Autonomous Navigation: Smart path planning, efficient inspection without blind spots.

    The autonomous navigation technology of robots is the core capability that enables robots to perform efficient inspection operations. By integrating advanced technologies such as Light Detection and Ranging (LiDAR), millimeter-wave radar, and Visual Simultaneous Localization and Mapping (Visual SLAM), the robot achieves high-precision positioning and dynamic path planning in complex scenarios. This endows the robot with excellent autonomous navigation capabilities, allowing it to easily adapt to various complex environments.

    The LiDAR equipped on the robot boasts strong environmental scanning capabilities, with a vertical Field of View (FOV) of 25° and a horizontal FOV of 360°. It emits laser beams at high frequency to conduct full-range 3D scanning of the surrounding environment. By capturing laser reflection signals, the LiDAR constructs a high-precision 3D environmental map in real time, providing accurate geospatial references for the robot’s navigation and clearly presenting information such as terrain undulations and obstacle distribution.

    The independently developed millimeter-wave radar fusion perception technology features strong penetration and excellent anti-interference performance. Even in extreme fire scenarios with intense flame glare and thick smoke, it can still operate stably, continuously detecting information such as distance, speed, and angle of the surrounding environment. Complementing the LiDAR, it effectively compensates for the LiDAR’s vulnerability to data interference in harsh environments, ensuring the robot maintains clear environmental awareness at all times.

    Visual SLAM technology captures environmental texture information via high-definition cameras and constructs a visual map of the environment through feature extraction and matching algorithms. Simultaneously, by combining data from LiDAR and millimeter-wave radar, it uses multi-sensor data fusion algorithms (e.g., Kalman filtering) to integrate and process data such as infrared thermal imaging, gas concentration, and terrain. This eliminates data errors and redundancy, generating a dynamic and accurate environmental model. The model not only accurately identifies complex structures such as equipment and pipelines but also marks the location and type of obstacles in real time, enabling the robot to precisely locate itself in the environment and plan safe, efficient travel routes.

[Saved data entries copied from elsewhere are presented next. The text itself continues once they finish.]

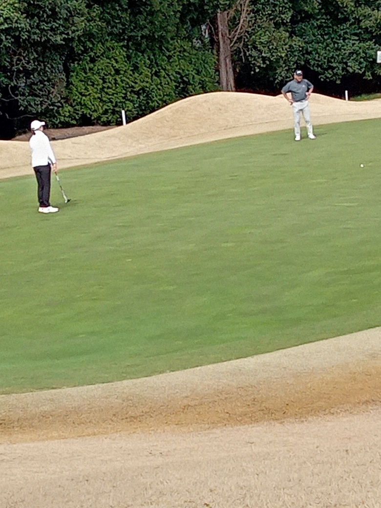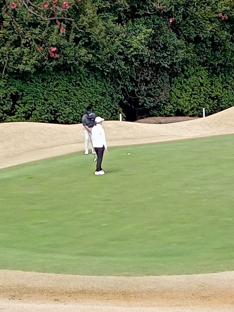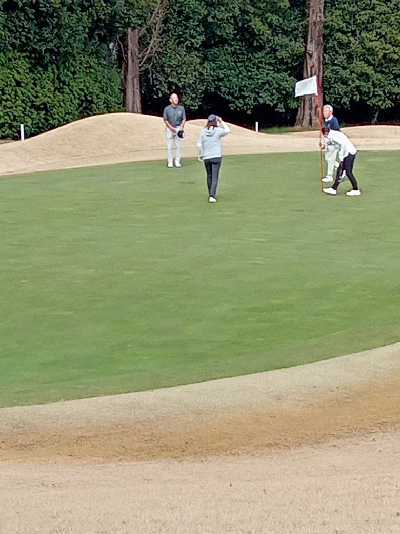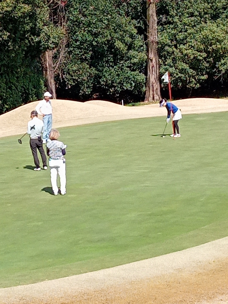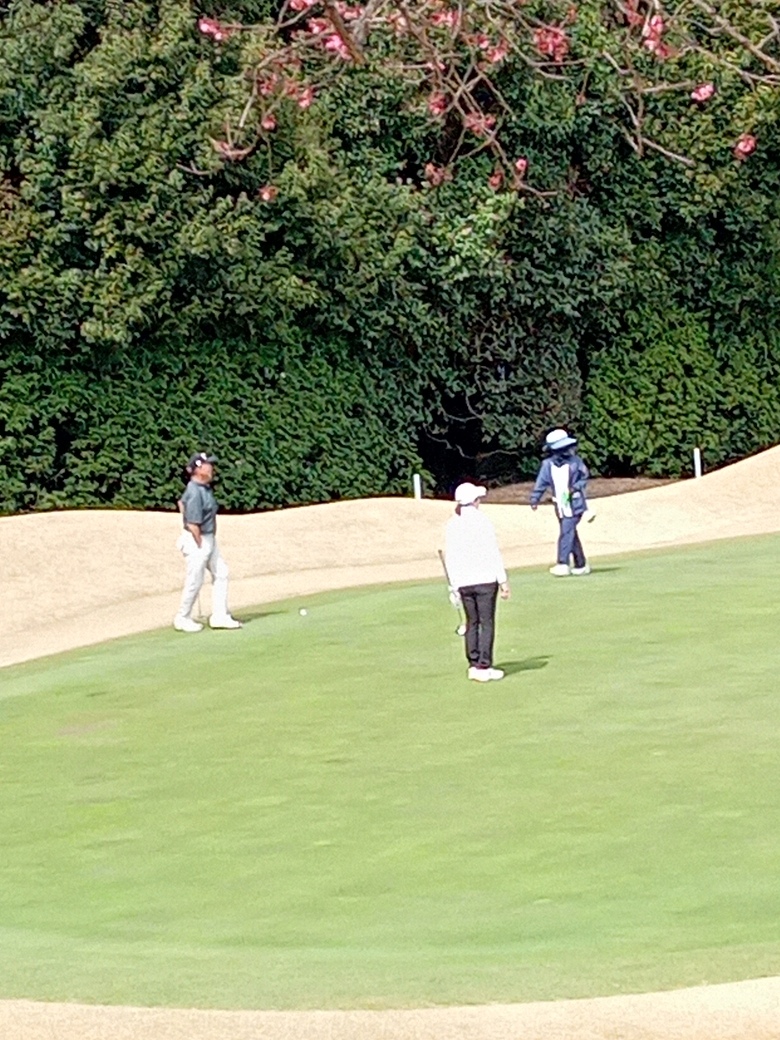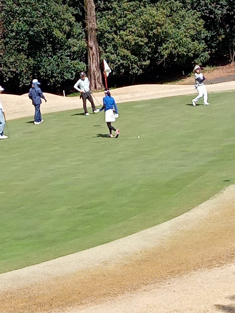 最終組がスタート前にトップ組が18番グリーン前に、村口史子プロのアプローチです・・タケ小山プロがこちらに気付き手を振ってくれてます。
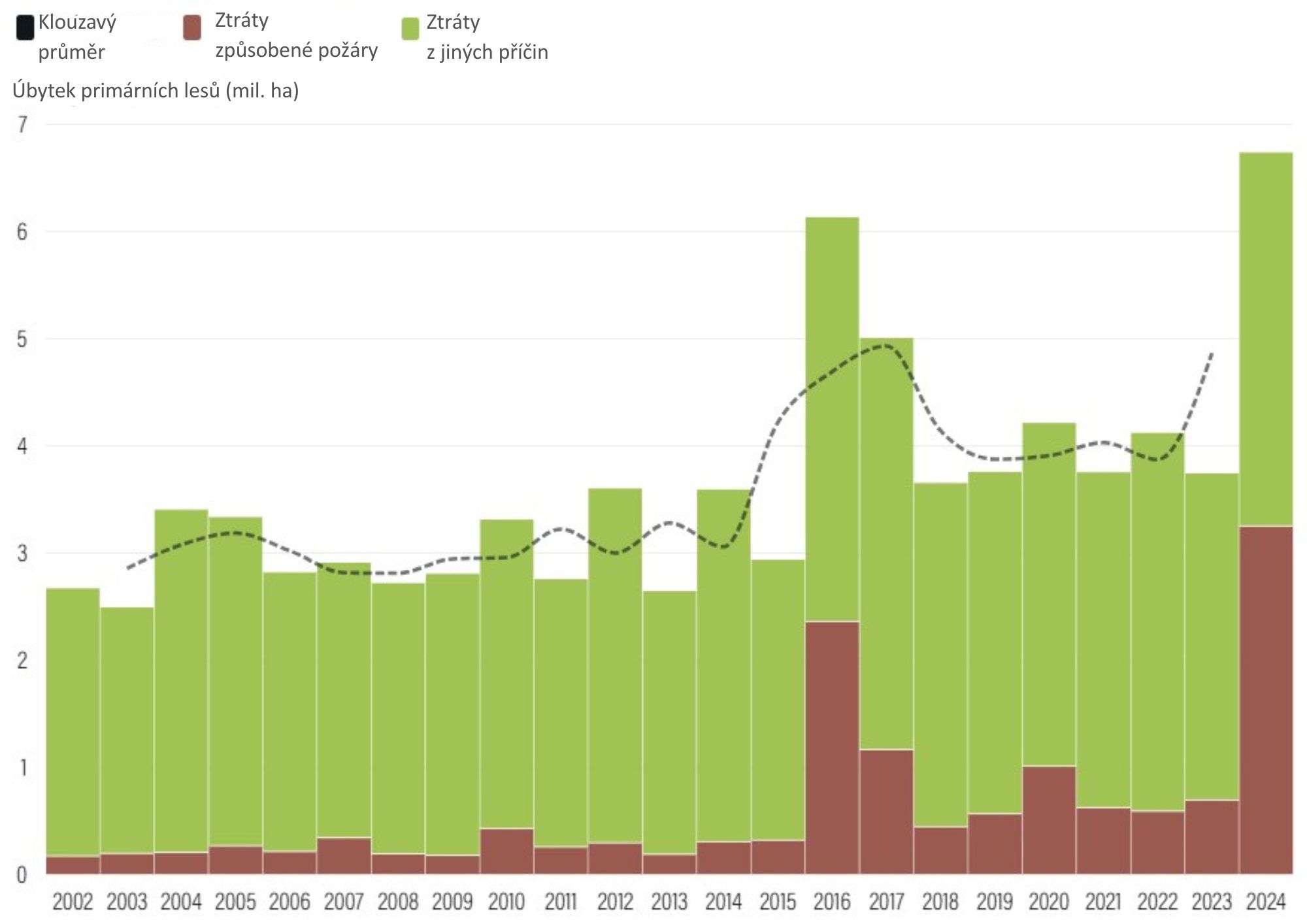 Ztráta lesního porostu v roce 2024 vzrostla na rekordní úroveň, jak uvádí nejnovější data z GLAD Lab při Univerzitě v Marylandu, zveřejněná prostřednictvím iniciativy Global Forest Watch, platformy poskytující aktuální data a nástroje pro sledování stavu světových lesů, jež provozuje mezinárodní nezisková organizace World Resources Institute (WRI). Nejvíce zasáhla tropické primární lesy, jejichž úbytek dosáhl 6,7 mil. ha – téměř dvojnásobek oproti roku 2023. To odpovídá ploše velikosti Panamy, nebo také rychlosti 18 fotbalových hřišť mizících každou minutu.
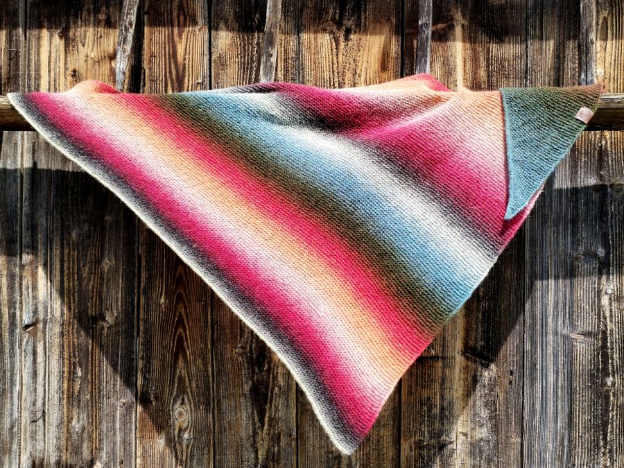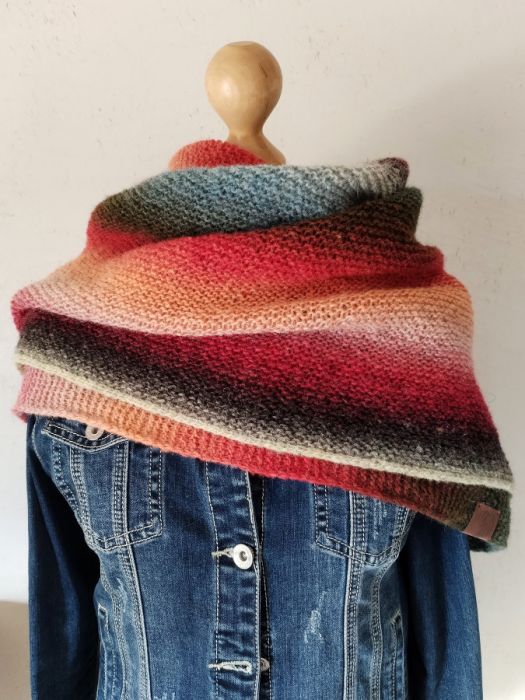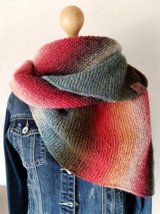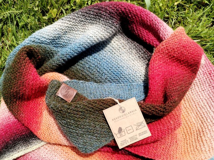 Nazwa produktu: Chusta wełniana na drutach w kolorowe pasy
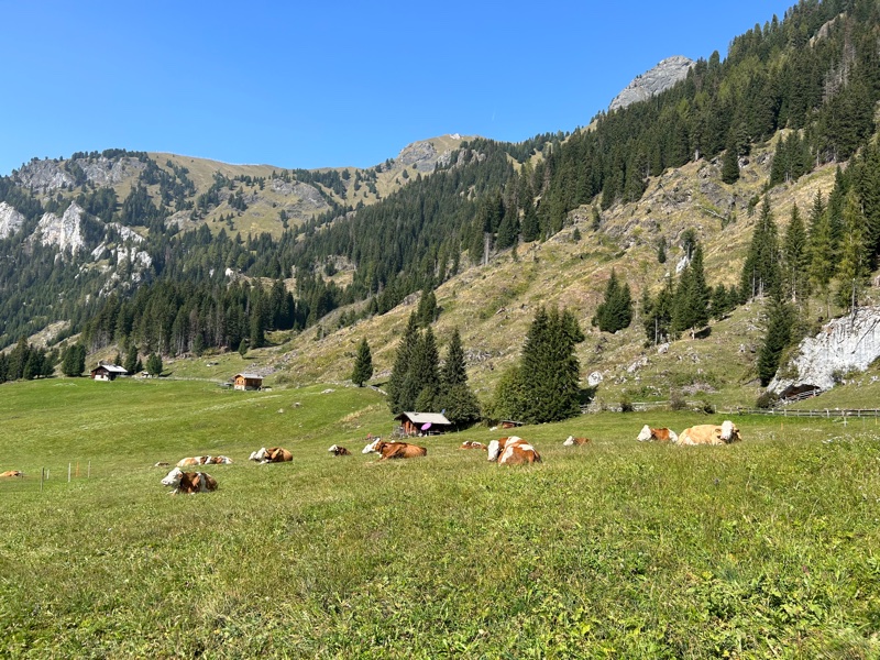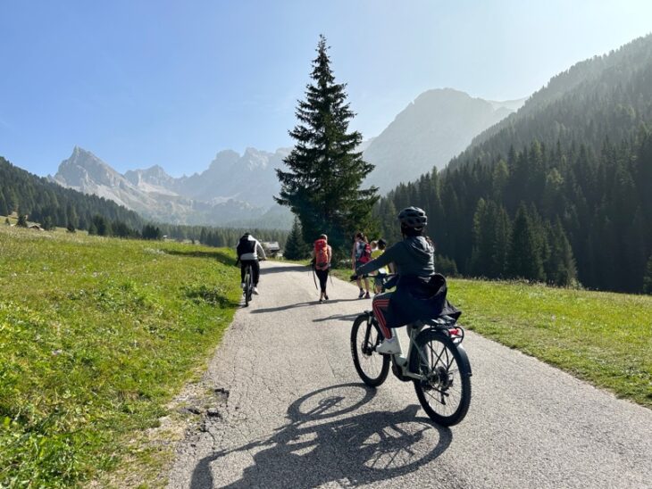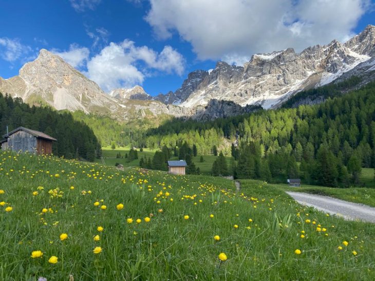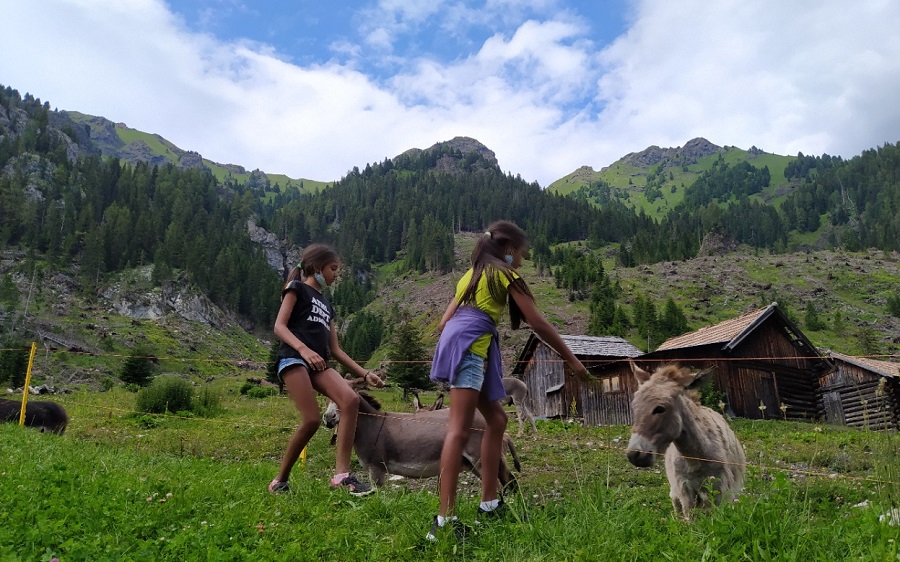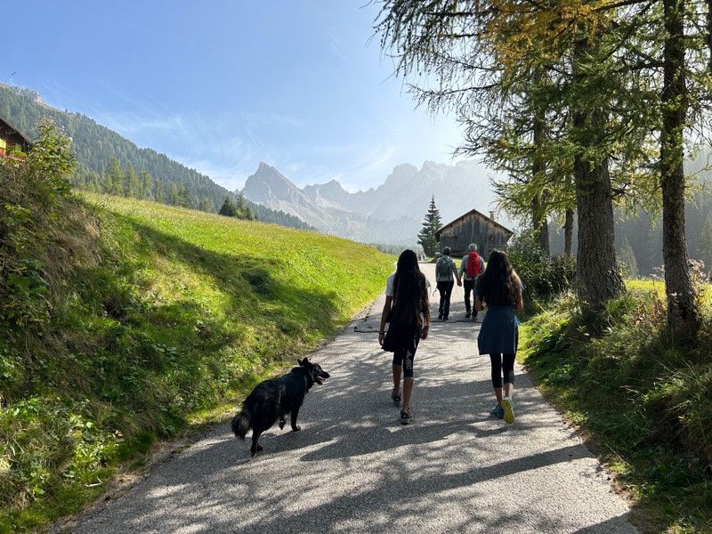Questo percorso si snoda tra radici e ponticelli, con lo scrosciare dell’acqua a farvi da compagnia. Si tratta della cosiddetta “Strada dei Russi” perché costruita dai prigionieri russi durante la prima Guerra mondiale. Passando per un’ampia pietraia alluvionale ci siamo infine riportati sul bivio incontrato all’andata e quindi alla Baita Ciampiè (un’oretta di cammino). Merita una sosta anche la Malga Mezzaselva, dove è possibile acquistare formaggi, burro e panna prodotti con latte locale. Ecco le loro mucche che prendono il sole beate!
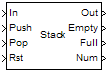 The block pushes the input at the In port to the top of the stack when it receives a trigger event at the Push port. When it receives a trigger event at the Pop port, the block pops the top element off the stack and holds the Out port at that value. The last input that the block pushes on the stack is always the first to be popped off.
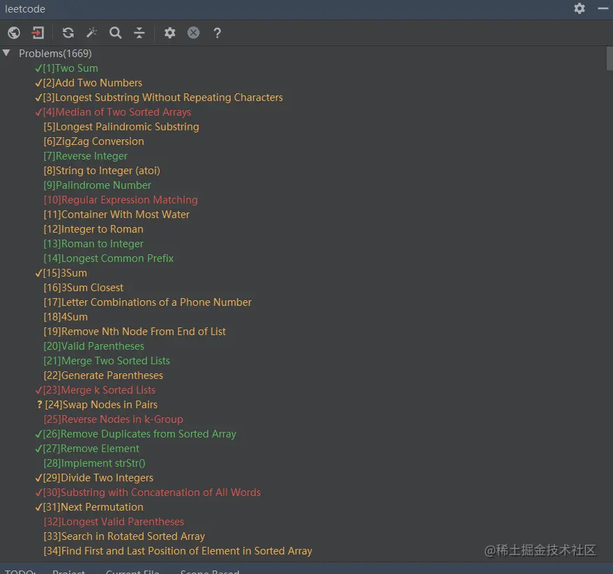 点击右下角,选择刷新或者加载按钮,就可以获取到leetcode中题库了,根据颜色可以区分题目的难易程度: 绿色-中等; 黄色-简单; 红色-困难

    When performing inspection tasks, the robot can move autonomously according to preset inspection routes or temporarily planned paths. When encountering obstacles, the path planning algorithm—based on improved AI algorithms and reinforcement learning models—quickly analyzes environmental data and intelligently calculates the optimal detour route, ensuring uninterrupted inspection work. Whether in the space between precision equipment in production workshops, narrow aisles between warehouse shelves, or open areas of outdoor substations, the robot can easily adapt, guaranteeing the continuity and efficiency of inspection operations.

    In addition, the robot supports multi-robot collaborative navigation. When executing fire reconnaissance tasks, multiple robots achieve path complementarity through wireless ad hoc network technology, forming a full-area coverage fire site reconnaissance network. Each robot shares environmental data and positioning information in real time, collaboratively completing fire detection in complex areas. At the same time, the robot transmits key on-site information—such as 3D maps, fire source locations, and fire development—to the command center in real time, providing visual decision-making references for fire commanders to formulate scientific rescue plans and significantly improving the accuracy and efficiency of fire rescue operations.